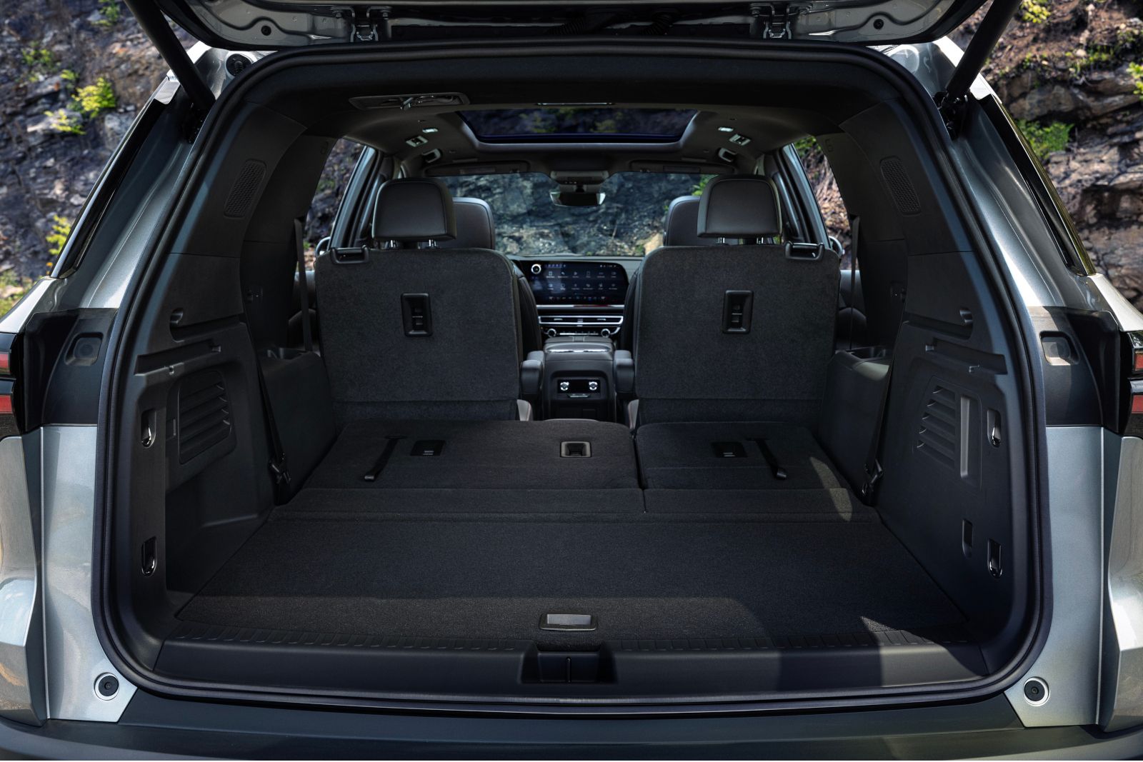 Derrière la troisième rangée, le Traverse propose un volume généreux pour les besoins quotidiens comme pour les voyages prolongés. Avec tous les sièges relevés, le coffre peut loger les valises familiales ou l’équipement de plein air pour explorer la région du Bas-Saint-Laurent. Pour plus d’espace, la banquette arrière divisée 60/40 se rabat afin d’augmenter le volume utilitaire.
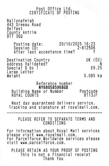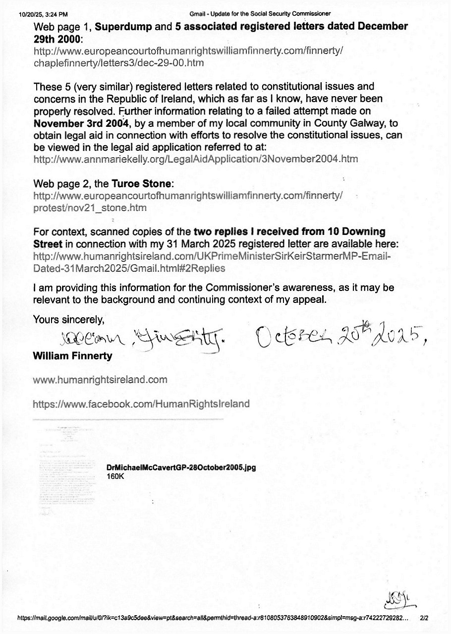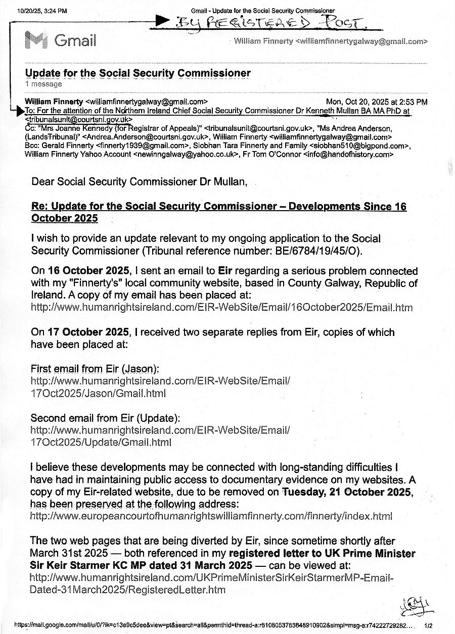 REGISTERED LETTER DATED OCTOBER 20TH 2025 TO NORTHERN IRELAND CHIEF SOCIAL SECURITY COMMISSIONER DR KENNETH MULLAN:
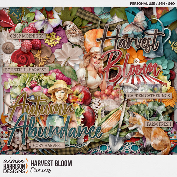 Harvest Bloom is a rich and colorful digital scrapbooking collection that celebrates the turning of seasons and the beauty of the harvest.
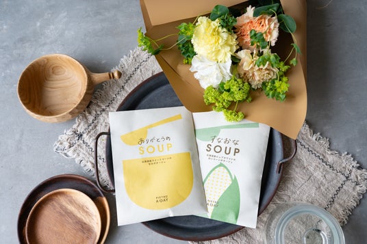PIETRO A DAYのスープにはひとつひとつメッセージが添えられています。本セットの「ありがとうのSOUP」「すなおなSOUP」に日頃の感謝の想いをのせて、スープと同じやさしい色合いのお花と一緒に、お母さんにほっとする時間を贈っていただけたら嬉しいです。
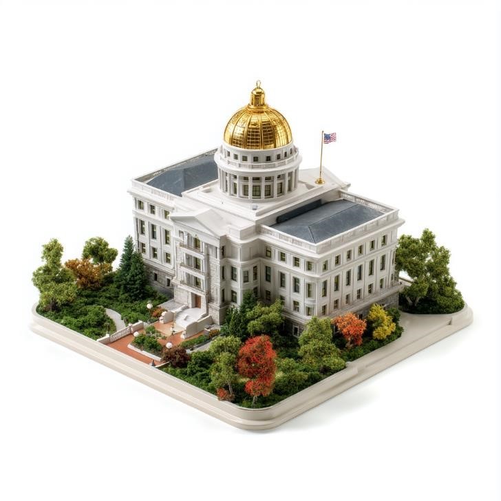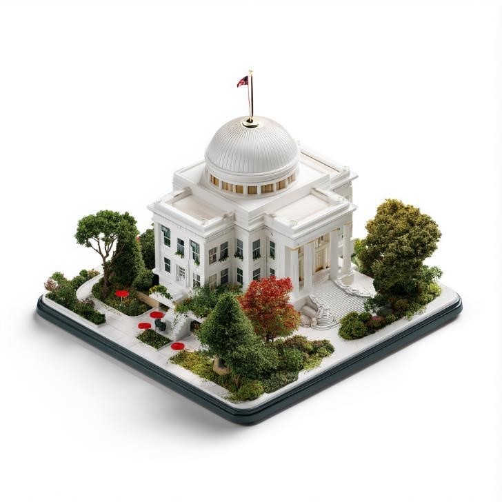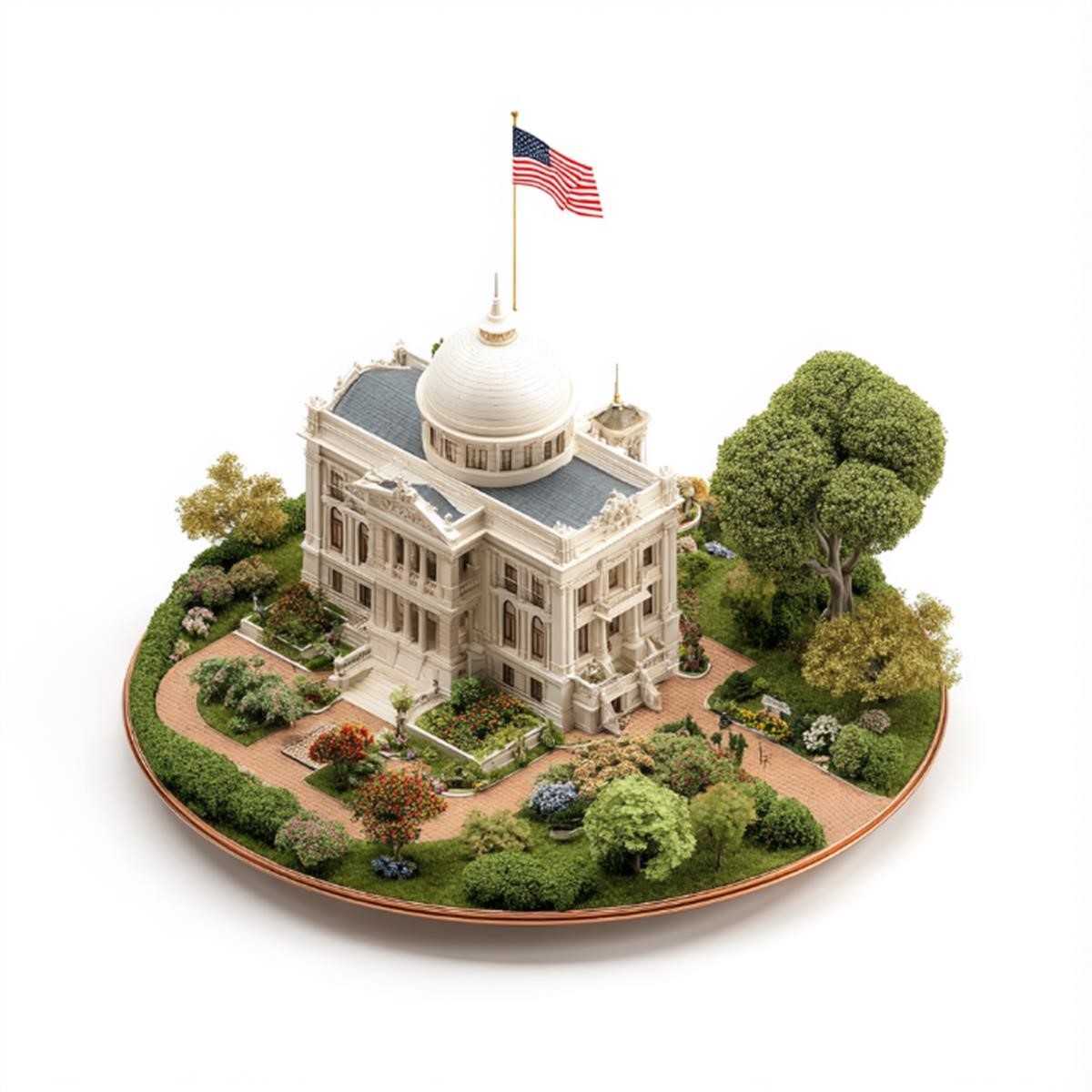 Với nền tảng là màu trắng tinh khiết, mô hình tòa nhà mang đến một cảm giác nhẹ nhàng, thanh thoát, và dễ dàng kết hợp với bất kỳ không gian nào. Phần mái vòm được thiết kế tỉ mỉ, tạo nên sự hoàn mỹ cho tổng thể công trình. Cột cờ cao vút không chỉ là yếu tố đặc trưng của một tòa nhà lập pháp, mà còn tạo điểm nhấn mạnh mẽ, thu hút sự chú ý ngay từ cái nhìn đầu tiên. Vị trí của khuôn viên xanh bao quanh tòa nhà càng làm nổi bật vẻ đẹp thanh lịch và sự gần gũi với thiên nhiên.
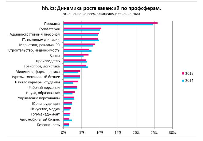 Что касается предлагаемых зарплат, то они стали выше в среднем на 3-5 процентов, считает эксперт. "Сейчас среднестатистический работодатель в Алматы в вакансиях в среднем готов предложить соискателю зарплату в размере 110 тысяч тенге, что на 4,8 процента выше прошлогоднего показателя, в Астане - 120 тысяч тенге (выше, чем в 2014 году на 4,3 процента). Наивысший показатель предлагаемого среднего ежемесячного заработка отмечен в 2015 года в Актау - 125 тысяч тенге (выше, чем в 2014 году на 4,2 процента), и Атырау - 123 тысячи тенге (ниже, чем в 2014-м на 1,6 процента)", - пояснила Быченко.
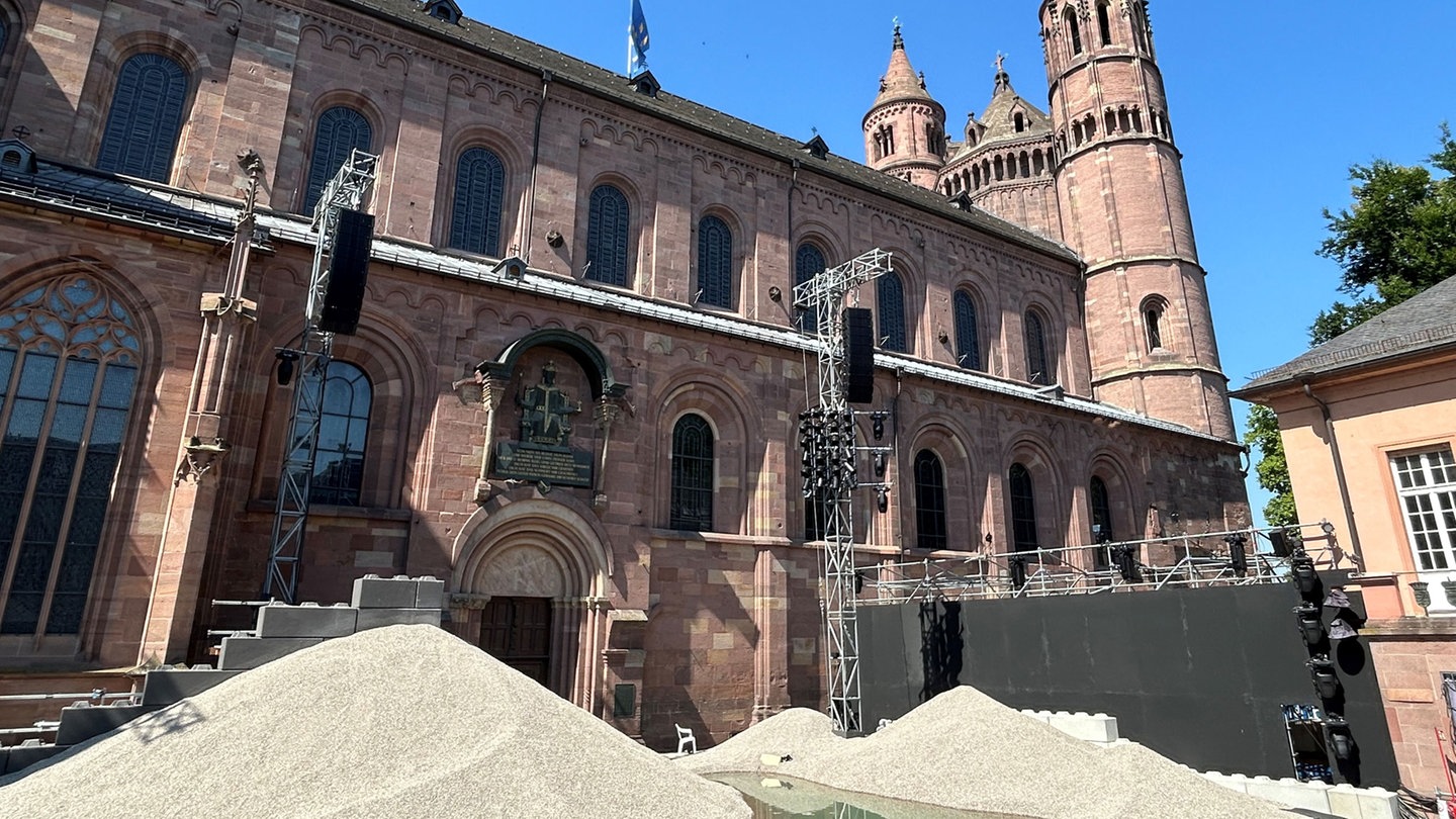 Im Stück „See aus Asche“ von Roland Schimmelpfennig spielt der Schatz der Erde – das Rheingold – eine zentrale Rolle. Regisseurin Mina Salehpour und ihr künstlerisches Team haben für diesen Schatz eine steinige Übersetzung gefunden: Die Bühne vor dem Wormser Dom wird komplett mit Kies aus dem Rhein bedeckt.
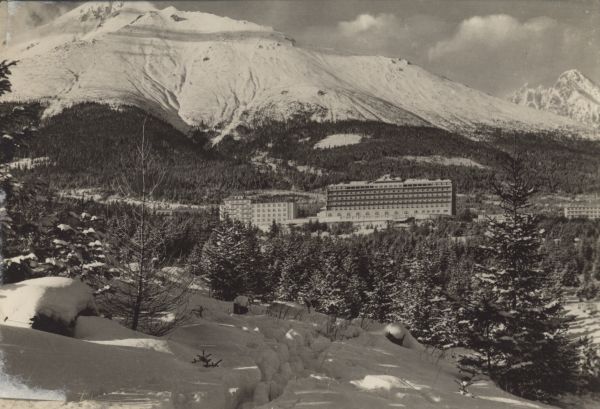 Nowy Smokowiec zim±. Widok na sanatorium. W tle Sławkowski Szczyt, z prawej Łomnica.
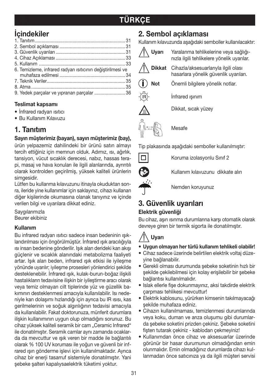 > 30 cm Mesafe Sayın müşterimiz (bayan), sayın müşterimiz (bay), ürün yelpazemiz dahilindeki bir ürünü satın almayı tercih ettiğiniz için memnun olduk. Adımız, ısı, ağırlık, tansiyon, vücut sıcaklık derecesi, nabız, hassas terapi, masaj ve hava konuları ile ilgili alanlarında, ayrıntılı olarak kontrolden geçirilmiş, yüksek kaliteli ürünlerin simgesidir. Lütfen bu kullanma kılavuzunu itinayla okuduktan sonra, ileride yine kullanımlar için saklayınız, cihazı kullanan diğer kişilerinde okumasına olanak tanıyınız ve içinde verilen bilgi ve uyarılara dikkat ediniz. Tip plakasında aşağıdaki semboller kullanılmıştır: Saygılarımızla Beurer ekibiniz Elektrik güvenliği Koruma izolasyonlu Sınıf 2 Kullanım kılavuzunu dikkate alın Nemden koruyunuz
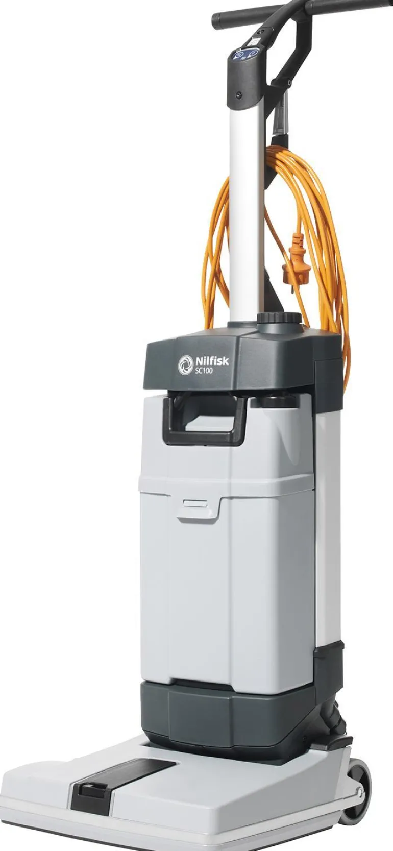 Nilfik SC100 E Premium on kompakti kombipesuri pienten alueiden puhdistamiseen. Verrattuna manuaaliseen puhdistukseen mopilla, tämä kompakti, pystysuora kombipesuri hoitaa puhdistustehtävät paljon nopeammin ja paremmilla tuloksilla.
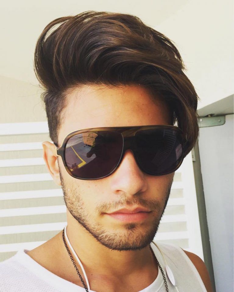 Это наиболее популярная стрижка среди мужских. Она представляет собой короткие или выбритые виски и затылок, и длинные волосы сверху, которые можно уложить назад, на сторону или вверх. Такая стрижка подойдет для всех типов волос и любой формы лица, она легко трансформируется и в повседневный, и в деловой стиль.
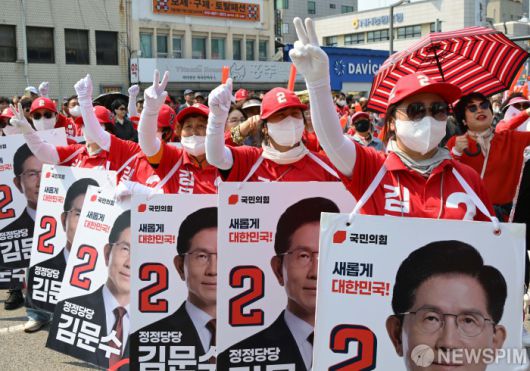 [홍성=뉴스핌] 최지환 기자 = 김문수 국민의힘 대선 후보 선거운동원들이 25일 충남 홍성군 홍성읍 내포로에서 열린 유세에서 지지를 호소하고 있다. 2025.05.25 choipix16@newspim.com
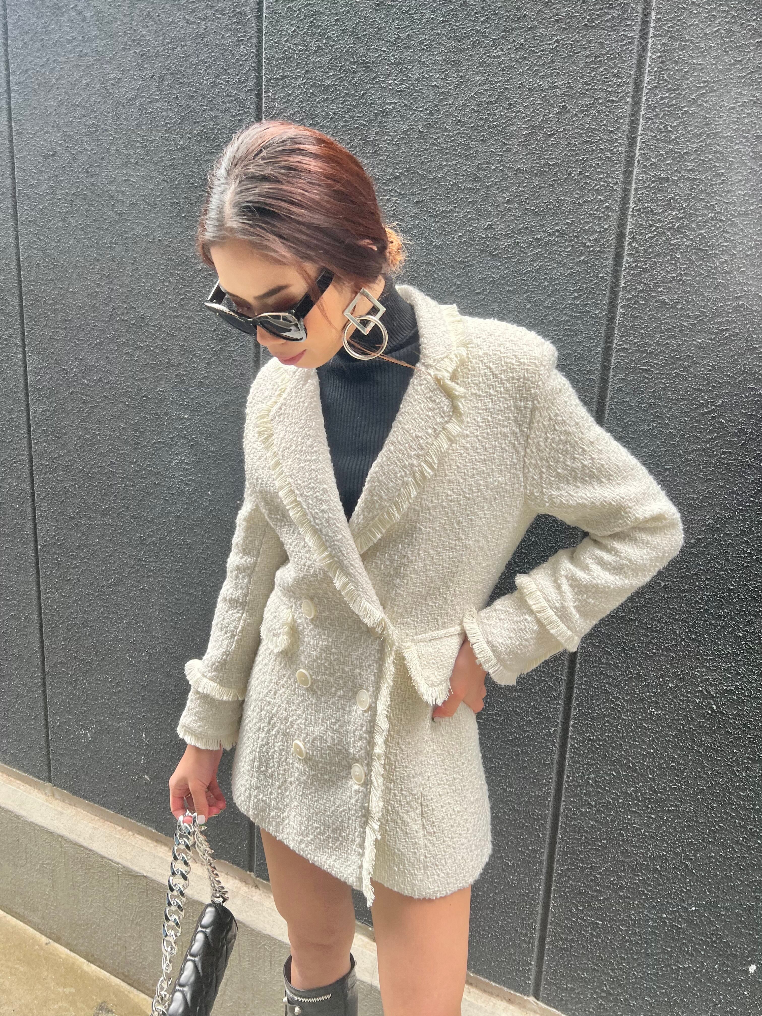 tweed long jacket ジャケット ミニワンピ ツィード きれいめ 上品 清楚
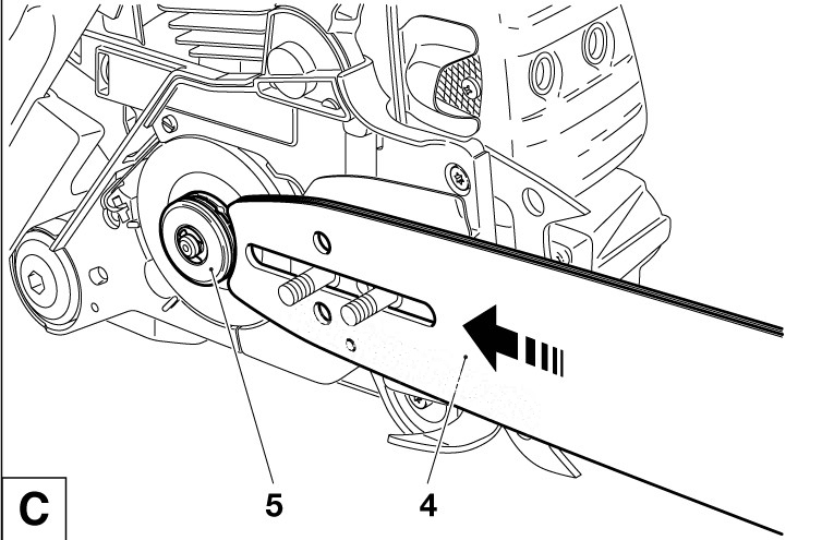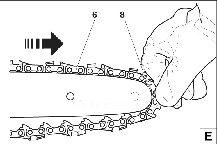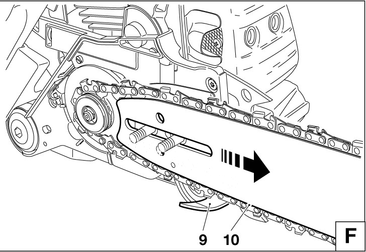 Đặt xích cưa lên trên tấm giữ xích (9). Kéo lưỡi cưa (hay còn gọi là lam) theo hướng mũi tên sao cho xích cưa bám chặt vào mép dưới của lam.
+++
* Your assignment *
The copy must start at the line containing "Это наиболее популярная" and stop at the last line of the listing, both included, with every line exact and no pictures.

* Written solution *
 Это наиболее популярная стрижка среди мужских. Она представляет собой короткие или выбритые виски и затылок, и длинные волосы сверху, которые можно уложить назад, на сторону или вверх. Такая стрижка подойдет для всех типов волос и любой формы лица, она легко трансформируется и в повседневный, и в деловой стиль.
 [홍성=뉴스핌] 최지환 기자 = 김문수 국민의힘 대선 후보 선거운동원들이 25일 충남 홍성군 홍성읍 내포로에서 열린 유세에서 지지를 호소하고 있다. 2025.05.25 choipix16@newspim.com
 tweed long jacket ジャケット ミニワンピ ツィード きれいめ 上品 清楚
 Đặt xích cưa lên trên tấm giữ xích (9). Kéo lưỡi cưa (hay còn gọi là lam) theo hướng mũi tên sao cho xích cưa bám chặt vào mép dưới của lam.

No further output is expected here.